Si avvicina la notte di San Lorenzo, quella in cui sarà maggiormente visibile per noi lo sciame delle Perseidi, chiamate anche “Lacrime di San Lorenzo” o semplicemente stelle cadenti; e quando il cielo di agosto si accende con questo spettacolo, sono in molti ad alzare gli occhi e ad aspettare di scorgere una scia luminosa, pronti a chiudere gli occhi e a sussurrare un desiderio. Ma da dove proviene questa tradizione? E cos’è che nel corso dei secoli ha trasformato un fenomeno celeste in un rituale quasi magico?
Come abbiamo appena accennato, le stelle cadenti non sono vere stelle ma frammenti di roccia e polvere, spesso residui di comete come la Swift-Tuttle, che bruciano entrando nell’atmosfera terrestre. Nel mese di agosto la Terra attraversa lo sciame meteorico delle Perseidi, regalandoci uno spettacolo di luci che sembra un dono del cosmo. Per gli scienziati si tratta di un fenomeno naturale affascinante ma spiegabile; per i nostri antenati, però, quelle scie luminose erano messaggi divini, segni di dei o spiriti che attraversavano il cielo. Ed è in questo intreccio di scienza e mito che nasce l’usanza di esprimere un desiderio.
Fin dall’antichità le stelle cadenti hanno ispirato storie straordinarie: nell’antica Grecia si pensava fossero anime che lasciavano il cielo per scendere sulla Terra, o che salivano verso l’Olimpo; secondo un celebre mito sarebbero i frammenti del corpo di Fetonte, figlio di Apollo, ucciso dalle saette di Zeus dopo aver perso il controllo del carro solare del padre e aver causato danni in cielo e in terra (tra cui la formazione dei deserti, a causa della troppa vicinanza del sole). I Romani le vedevano come presagi, a volte di buon auspicio e altre di sventura; il Cristianesimo le lega al martirio di San Lorenzo, associandole alle lacrime del santo mentre bruciava sulla graticola. In altre culture erano considerate frammenti di paradiso, spiriti in movimento o doni degli dei, rendendo naturale affidare loro un desiderio.

Ma perché un desiderio? Una stella cadente appare in un lampo e svanisce in pochi secondi, proprio come i momenti più preziosi della vita.
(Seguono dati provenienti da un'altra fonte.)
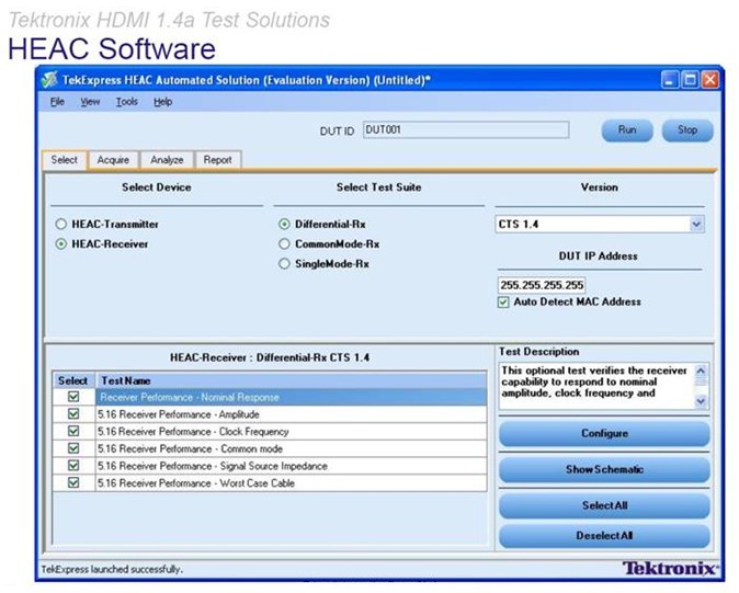 作為HDMI標(biāo)準(zhǔn)組織的活躍成員,在HDMI1.0時(shí)期就率先跟進(jìn)的泰克公司,長(zhǎng)期與HDMI管理委員會(huì)和客戶緊密合作,為HDMI的發(fā)展做出了很多貢獻(xiàn)。泰克受HDMI標(biāo)準(zhǔn)組織委托參與開發(fā)了一系列的測(cè)試標(biāo)準(zhǔn)和解決方案,并通過了批準(zhǔn),包括泰克支持所有線纜仿真器類型的直接合成(DS)解決方案和關(guān)鍵物理層測(cè)試(如3D和HEAC等)解決方案。

Esprimere un desiderio in quel brevissimo lasso di tempo ci costringe a concentrarci su ciò che davvero vogliamo, a distillare i nostri sogni in una frase silenziosa. È un atto di fiducia, un modo di credere che il caso, o forse il destino, possa ascoltarci. Se, come scriveva l’astronomo Claudio Tolomeo nel II secolo, le stelle sono “specchi dell’anima umana”, guardarle ci spinge a cercare significato, a sperare che i nostri desideri trovino un posto nell’universo.
In Italia la tradizione è particolarmente sentita: sono migliaia le persone che si riuniscono su spiagge, colline o terrazze durante la notte di San Lorenzo, sperando di cogliere una scia luminosa: è un rito collettivo che unisce diverse generazioni, dai bambini che desiderano un giocattolo agli amanti che sognano un futuro insieme, agli anziani che chiedono salute o pace. In un mondo sempre più cinico e frenetico, fermarsi a guardare il cielo è un gesto di pausa, di meraviglia; le Perseidi ci ricordano che anche le cose più fugaci possono lasciare un segno, o almeno un momento per sognarlo.